WORK ORDER:
Copy, please, the line with "Edible body paint" and each line that follows it through the end of the data below, exactly as given and without pictures.

INFORMATION SHOWN:
☆ ☆ ☆ ☆ ☆

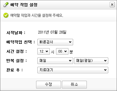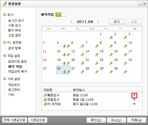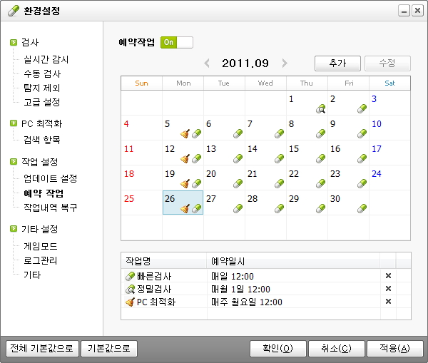 예약 작업(정밀검사, 빠른검사, PC최적화, 업데이트)을 선택한 후 예약 작업을 실행할 시간, 반복 설정(매일, 매주, 매월, 없음), 완료 후 작업 내용 (치료대기, 자동치료, 자동치료 후 창닫기, 자동치료 후 시스템 종료)을 선택합니다."예약 작업을 추가했을 때 [확인]이나 [적용] 버튼을 클릭해야만 새로운 설정이 적용됩니다."
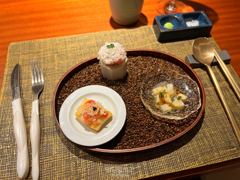 육회 타르트와 관자 등이 나왔습니다
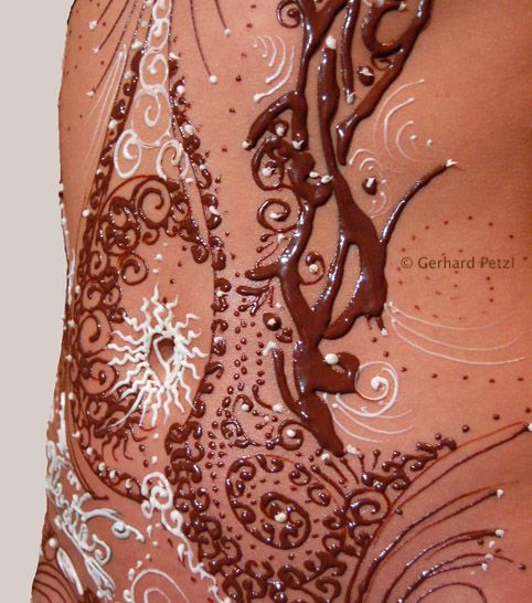 Edible body paint can also be applied using a tube, to create a detailed decorative effect. Using a tube to apply the paint means that the artist can form delicate swirls, lines and dots to give a lacy, feminine effect. Take a look at these chocolate body paintings created with paint tubes by Gerard Petzl. You can see more of his art at Forever Art.
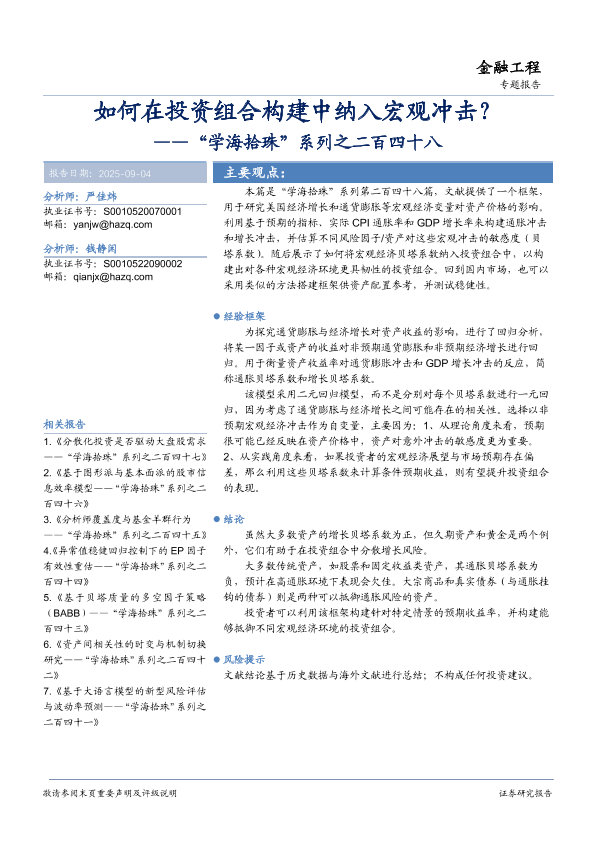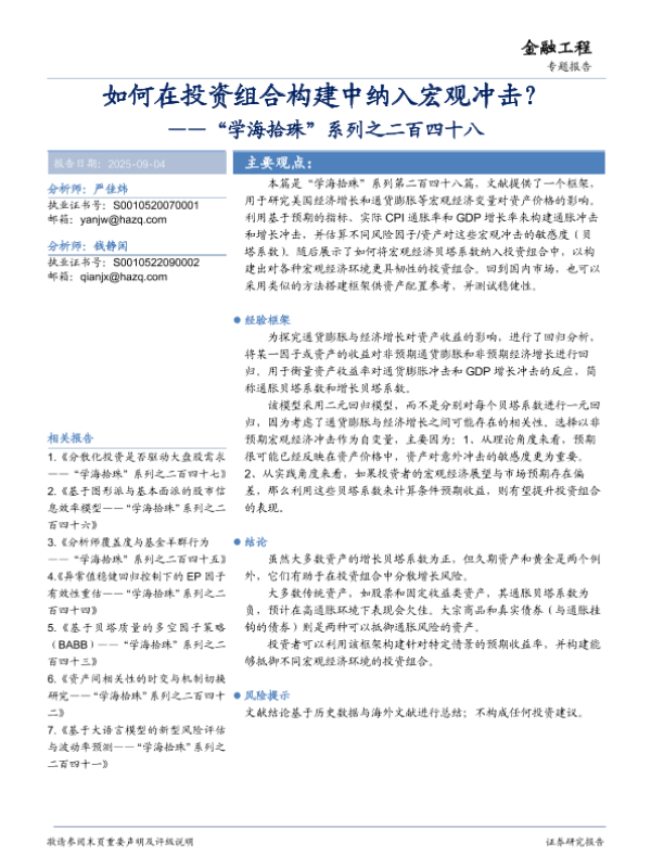 【华安证券】【202509】“学海拾珠”系列之二百四十八:如何在投资组合构建中纳入宏观冲击?-19页

☆ ☆ ☆ ☆ ☆

FINISHED EXERCISE:
 Edible body paint can also be applied using a tube, to create a detailed decorative effect. Using a tube to apply the paint means that the artist can form delicate swirls, lines and dots to give a lacy, feminine effect. Take a look at these chocolate body paintings created with paint tubes by Gerard Petzl. You can see more of his art at Forever Art.
 【华安证券】【202509】“学海拾珠”系列之二百四十八:如何在投资组合构建中纳入宏观冲击?-19页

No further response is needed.